The problem with parotid tumors is that sometimes they can "go south". In other words it is possible for my benign pleomorphic adenoma to become a carcinoma ex pleomorphic adenoma. This, and the fact that the darn thing is really sticking out of my head now, covered only by a hank of my graying, thinning hair, means it is time to take out the trash. The surgery is on April 19th. In a few months I will undertake radiation treatment, whether or not the biopsy is bad, in order to try to prevent or at least delay another recurrence. Each recurrence increases the possibility of a malignancy developing. The problem with radiation treatment is that there is some research indicating that a recurrence after RT is more likely to be malignant than it would have been if the RT hadn't been undertaken, but by the same token that is only if there is a recurrence. At this point the likelihood of a recurrence if I do not have the RT is 100% and if I do have the RT it's more like 50%. I'd rather take a chance of a bad recurrence for the opportunity to have no recurrence, instead of sitting around waiting for the inevitable next recurrence without the RT.

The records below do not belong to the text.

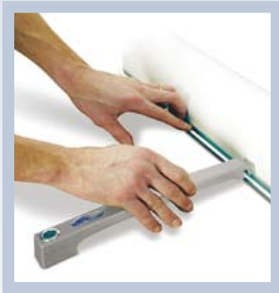
Design – durchdacht bis ins Detail. Systemfuß in das Bodenprofil einhaken.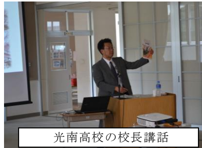
光南高校の校長講話

6月14日(火) 5・6校時2階多目的ホールにおいて全校生が参加して高等学校説明会が行われました。白河旭高校、光南高校、白河高校、白河実業高校、修明高校の各校長先生や先生方がおいでくださり、ご講話をしていただきました。さらに今年16日(木)私立高校の説明会を行い、3年生が参加しました。夢や希望を形にし努力することはとても大事なことです。生徒が瞳をきらきらさせて集中していました。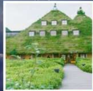
ลา โคสึน่า โอมิสะจิมัง

พิเศษท่องเที่ยวสวนสนุกยูนิเวอร์ซัล สตุดีโอส์เต็มวัน สวนสาธารณะซากุระปราสาทคาเคโกะ 1 ใน 3 สุดยอดจุดชมซากุระแห่งญี่ปุ่น สักการะพระพุทธรูปในอาคาร ที่ใหญ่ที่สุดในญี่ปุ่น เอจิเซ็นโดบุตสึ เปิดประสบการณ์อัศจรรย์กำแพงหิมะ บนเทือกเขาเจแปนแอลป์ ชมประวัติศาสตร์และร้านขนมดังลา โคสึน่า แห่งเมืองโอมิสะจิมัง พักผ่อนเป็นอย่างดี 3 คืน 2 ริมทะเลสาบ!!! อาหารพิเศษ...บุฟเฟ่ต์อาหาร + เครื่องดื่มแอลกอฮอล์ไม่อั้น กรุ๊ปสบายๆ เพียง 20 ท่านเท่านั้น!!!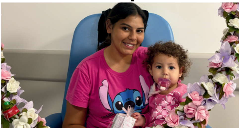
Iniciativas celebraram a data com gestos de afeto, valorização e cuidado dentro do ambiente hospitalar em Santana de Parnaíba

A programação também destacou a ação "Legado de Amor", que compartilhou histórias emocionantes de maternidade vividas pelas colaboradoras do hospital. As iniciativas reforçaram o compromisso do Hospital Santa Ana com a humanização, o acolhimento e a valorização de pacientes e profissionais. As ações foram marcadas por momentos de emoção e reconhecimento.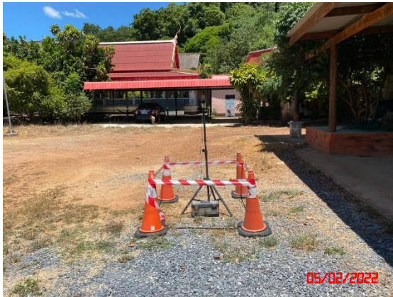
วัดโป่งรี (เทพประทานพร)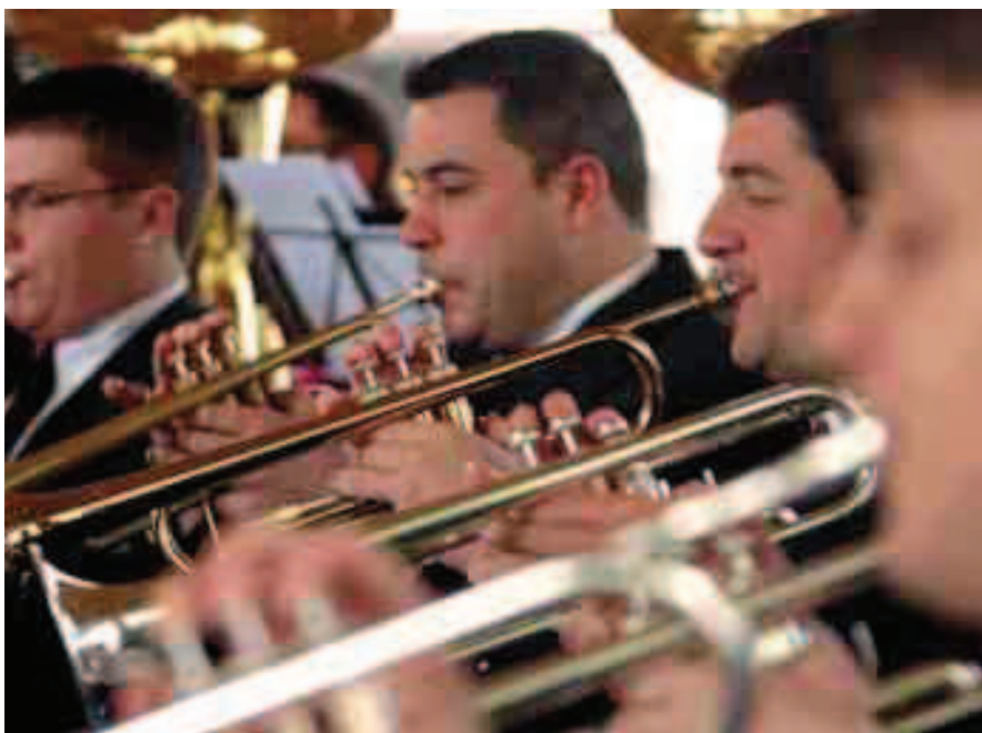
Errenteriako Musika Kultur Elkarteko Banda.

So the tumor's coming out in an outpatient procedure. If all goes well I'll be up and running around after a few days. If not so well, then I may have some problems with my eyelid - the transgeminal nerve which controls the eyelid runs through the tumor - and my eyelid would not be able to close. There's always a danger of facial paralysis, but for some reason this does not bug me as much as the thought of having a Pinkerton eye (we never sleep!). If my lid is affected then it may affect my sight, which will in turn affect my ability to do close work. If the facial nerve is damaged I may look like I have Bell's Palsy, but as long as I can talk, see, and swallow I can live with the idea. It no longer frightens me, as it did when I was a young litigator starting out, that my looks could be so affected. Guess we'll know after Thursday.
Starting Radiation Treatment Next Week
Posted By: CarlaFW
Date: Thursday, 2 August 2007, at 10:27 p.m.
Well, I've gone and done it. After dillydallying, ducking, and diverting myself for the last few months since my April surgery I've finally started preps for radiation treatments. After five recurrences during the last 34 years it's clear something a little more drastic than waiting for the next pleomorphic adenoma to grow in is called for, so I'm ready to roll.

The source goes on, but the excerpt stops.